With that said, I'm on the opposite side here - At 44, I'll be spending my first Holiday season alone - yes, I'll be gratefull for some peace and quiet - but - I'll still be a little bummed and 'jones-n' for family time.


CaboWaboVHnut 56M
637 posts
12/2/2005 1:11 am

Sunney, Just when I think you can't get any smarter......BAM !!! You've made the best choice possible. While I respect your independent nature, sometimes being independent also goes hand in hand with being lonely.

Don't worry, you'll still be your good ol' independent self, just happier because you're with loved ones !!! Merry Christmas !!! Enjoy yourself !!! If I was single, I'd be willing to make a trip to GA, hoping to share the New Year's kiss with you !!! Since I'm happily married, I don't think my sweetie would allow that !!!

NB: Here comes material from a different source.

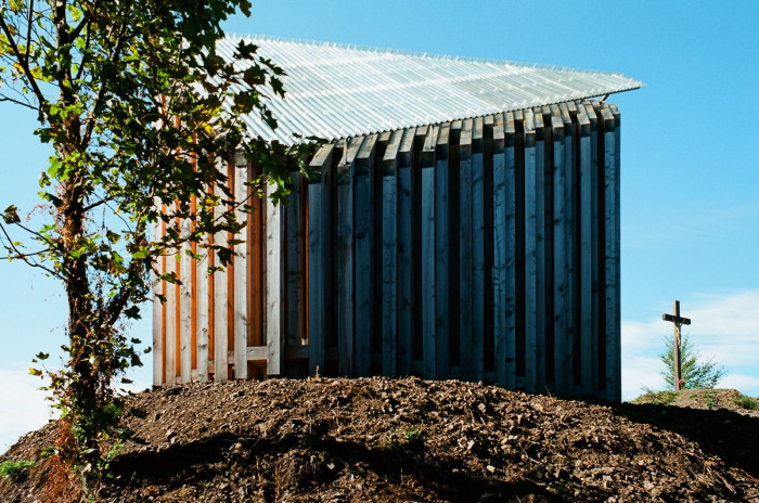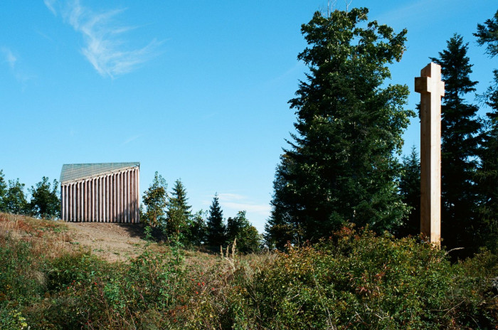 Pôvodný návrh betónovej kaplnky bol koncipovaný ako výrazný objekt usadený niekde v spišských poliach. Biely betón mal žiariť z diaľky podobne ako kostolná veža v dedine Mlynica. Na kopci bola situácia iná. Otvorený priestor vystriedala intimita lesa a človek – pútnik neprichádza zo všetkých strán, ale len po jednom chodníku. Kaplnka nie je iba zastávka, je to koniec krížovej cesty a Boží hrob. Osemnásť mohutných červených smrekov z týchto lesov darovalo mesto a o použití iného materiálu ako dreva sme ani na chvíľu neuvažovali. Vertikalita a materiál stromov premenili svoju formu do architektúry.

Hey !!! Just realized, I'll actually get to kiss her at Midnight this year !!! Normally I have to work that night, but I'm working days this year !!! Cool !!! Hugs & kisses Sunney One !!! Cabo !!!


GoddessOfTheDawn 105F
11240 posts
12/5/2005 6:59 am

~hugz~ and may your Christmas this year be a blessed one

choose for YOU ....


rm_HDguy98 62M
403 posts
12/6/2005 9:42 am

SunneyOne,

You going home is the greatest present you could ever give your family. Words cannot describe their feelings of joy that you will bring into their hearts by just being there. I'm sure later on you will look back on this Christmas as being a very special one indeed.

Merry Christmas from Montana,
HD


SWM_looking_67 49M
21 posts
12/7/2005 8:57 pm

Sunney,

This has to be one of the most heart felt blogs that I have read. Granted my life is 80% on the road and away from my family. Granted I spent Thanksgiving in the Mountains with my mom and family, and then flew back to Vegas to work.

Your post here has made me realize that Home is where family is, not where you live. I have just finished re-arranging my flights to be in Chicago for Christmas to be with my mom. I think I will just show up on here door step that morning and just tell her that I love her.

Thanks for reminding all of us what Christmas is all about.


SunneyOne 43F

12/8/2005 4:36 am

Awww, SWM!!! That will be the best Christmas for her ever, and hopefully you too. Have a safe trip!